[Material for this exercise — start]
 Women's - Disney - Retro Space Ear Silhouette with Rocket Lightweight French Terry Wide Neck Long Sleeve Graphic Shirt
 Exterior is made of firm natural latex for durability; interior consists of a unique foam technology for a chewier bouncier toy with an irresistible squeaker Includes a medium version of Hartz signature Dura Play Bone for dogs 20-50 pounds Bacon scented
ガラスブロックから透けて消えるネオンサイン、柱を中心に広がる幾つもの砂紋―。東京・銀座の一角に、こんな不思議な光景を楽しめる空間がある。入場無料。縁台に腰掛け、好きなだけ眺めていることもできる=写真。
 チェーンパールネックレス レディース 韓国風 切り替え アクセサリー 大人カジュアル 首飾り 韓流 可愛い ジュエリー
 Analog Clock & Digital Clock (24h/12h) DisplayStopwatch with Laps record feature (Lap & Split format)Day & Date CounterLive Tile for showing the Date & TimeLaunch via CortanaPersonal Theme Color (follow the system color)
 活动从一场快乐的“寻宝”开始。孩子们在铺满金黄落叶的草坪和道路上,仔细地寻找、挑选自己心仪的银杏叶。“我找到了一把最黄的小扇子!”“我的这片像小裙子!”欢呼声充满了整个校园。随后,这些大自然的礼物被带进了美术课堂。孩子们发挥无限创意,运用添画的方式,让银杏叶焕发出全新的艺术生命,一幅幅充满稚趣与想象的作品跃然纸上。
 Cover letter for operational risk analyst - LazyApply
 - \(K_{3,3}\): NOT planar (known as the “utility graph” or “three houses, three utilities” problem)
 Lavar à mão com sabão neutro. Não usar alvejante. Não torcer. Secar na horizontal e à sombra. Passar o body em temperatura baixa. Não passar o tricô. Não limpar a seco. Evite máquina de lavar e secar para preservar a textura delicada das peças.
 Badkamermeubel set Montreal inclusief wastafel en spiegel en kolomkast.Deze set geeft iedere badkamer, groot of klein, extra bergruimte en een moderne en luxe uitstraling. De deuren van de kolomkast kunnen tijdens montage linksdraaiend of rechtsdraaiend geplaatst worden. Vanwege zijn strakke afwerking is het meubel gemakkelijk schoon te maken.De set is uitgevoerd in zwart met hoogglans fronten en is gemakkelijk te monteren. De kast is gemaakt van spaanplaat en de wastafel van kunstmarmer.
[Material for this exercise — finish]
• **Goal of the exercise**
Using the listing, copy every line where the word "with" shows up.

• **Solution to this problem**
 Women's - Disney - Retro Space Ear Silhouette with Rocket Lightweight French Terry Wide Neck Long Sleeve Graphic Shirt
 Exterior is made of firm natural latex for durability; interior consists of a unique foam technology for a chewier bouncier toy with an irresistible squeaker Includes a medium version of Hartz signature Dura Play Bone for dogs 20-50 pounds Bacon scented
 Analog Clock & Digital Clock (24h/12h) DisplayStopwatch with Laps record feature (Lap & Split format)Day & Date CounterLive Tile for showing the Date & TimeLaunch via CortanaPersonal Theme Color (follow the system color)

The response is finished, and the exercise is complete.